I'm pretty new to quantum mechanics (I would like to understand it broadly as an hobbyist). I'm trying to reading Principles of Quantum Mechanics by Dirac. I've found difficult to understand a particular piece on p. 28 in the II chapter. It says that:

the conjugate complex of the product of two linear operators equals the product of the conjugate complexes of the factors in reverse order: $$\overline{\beta} \overline{\alpha} = \overline{\alpha \beta}\tag{$*$} $$

As simple examples of this result, it should be noted that, if $\xi$ and $\eta$ are real, in general $\xi \eta$ is not real. This is an important difference from classical mechanics. However, $\xi \eta + \eta \xi$ is real, and so is $i(\xi \eta - \eta \xi)$. Only when $\xi$ and $\eta$ commute is $\xi \eta$ itself also real.
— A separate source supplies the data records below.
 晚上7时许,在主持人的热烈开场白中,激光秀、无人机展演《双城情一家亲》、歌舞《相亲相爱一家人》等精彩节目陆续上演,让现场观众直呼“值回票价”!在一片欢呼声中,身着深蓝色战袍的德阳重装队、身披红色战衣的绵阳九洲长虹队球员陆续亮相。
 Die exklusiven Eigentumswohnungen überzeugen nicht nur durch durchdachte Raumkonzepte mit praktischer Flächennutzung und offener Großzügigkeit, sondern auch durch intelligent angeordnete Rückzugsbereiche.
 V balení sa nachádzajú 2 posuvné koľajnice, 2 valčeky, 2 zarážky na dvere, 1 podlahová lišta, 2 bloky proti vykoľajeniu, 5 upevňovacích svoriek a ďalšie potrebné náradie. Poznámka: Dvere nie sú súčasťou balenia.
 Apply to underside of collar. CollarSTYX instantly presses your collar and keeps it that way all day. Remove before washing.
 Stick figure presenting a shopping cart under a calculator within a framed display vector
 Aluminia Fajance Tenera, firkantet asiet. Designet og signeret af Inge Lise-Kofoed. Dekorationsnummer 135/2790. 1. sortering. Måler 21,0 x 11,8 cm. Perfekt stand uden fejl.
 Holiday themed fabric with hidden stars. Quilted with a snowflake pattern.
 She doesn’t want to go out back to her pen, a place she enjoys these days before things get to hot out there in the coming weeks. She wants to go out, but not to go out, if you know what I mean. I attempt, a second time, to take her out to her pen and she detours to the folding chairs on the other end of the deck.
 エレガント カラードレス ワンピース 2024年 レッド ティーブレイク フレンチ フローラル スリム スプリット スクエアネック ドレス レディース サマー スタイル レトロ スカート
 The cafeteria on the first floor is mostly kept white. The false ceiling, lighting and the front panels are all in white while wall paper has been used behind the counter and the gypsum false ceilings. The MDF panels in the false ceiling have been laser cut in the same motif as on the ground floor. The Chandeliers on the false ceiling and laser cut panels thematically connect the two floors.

I didn't understand why $\xi \eta$ is not real in general and why $\xi \eta + \eta \xi$ and $i(\xi \eta - \eta \xi)$ are, even if $\xi$ and $\eta$ are real.

Answer 1

I hope this will help you to understand some of the statements. In the following, we will use a slightly different notation:

We denote the adjoint of an operator $A$ by $A^{\dagger}$ (in your post this corresponds to $\overline{A}$). If $A=A^{\dagger}$, then we call $A$ hermitian ('real'). We further say that two operators $A$ and $B$ commute if $[A,B]\equiv AB-BA = 0$. In this notation, your equation $(*)$ reads: $$(A\,B)^{\dagger} = B^{\dagger}\, A^{\dagger} \quad \tag{$*$}$$

We want to prove the following: For two hermitian operators, $A$ and $B$, it holds that

$$ (A\,B)^{\dagger}= A\,B \Longleftrightarrow [A,B]=0 \quad $$

To start, assume that both operators commute: $[A,B]=0$. This in turn implies $A\,B=B\,A$ and thus $$ (AB)^{\dagger} = (BA)^{\dagger} \quad .$$ Since $A=A^{\dagger}$ and $B=B^{\dagger}$ by assumption, we obtain: $$(AB)^{\dagger} = (BA)^{\dagger}\overset{(*)}{=} A^{\dagger}\, B^{\dagger} = A\,B \quad .$$

Now suppose $A\,B= (A\,B)^{\dagger}$. We then find that $$A\,B \overset{(*)}{=} B^{\dagger}\,A^{\dagger}$$ and since $A$ and $B$ are hermitian, it follows that $A\,B = B\,A$ and hence $[A,B]=0$.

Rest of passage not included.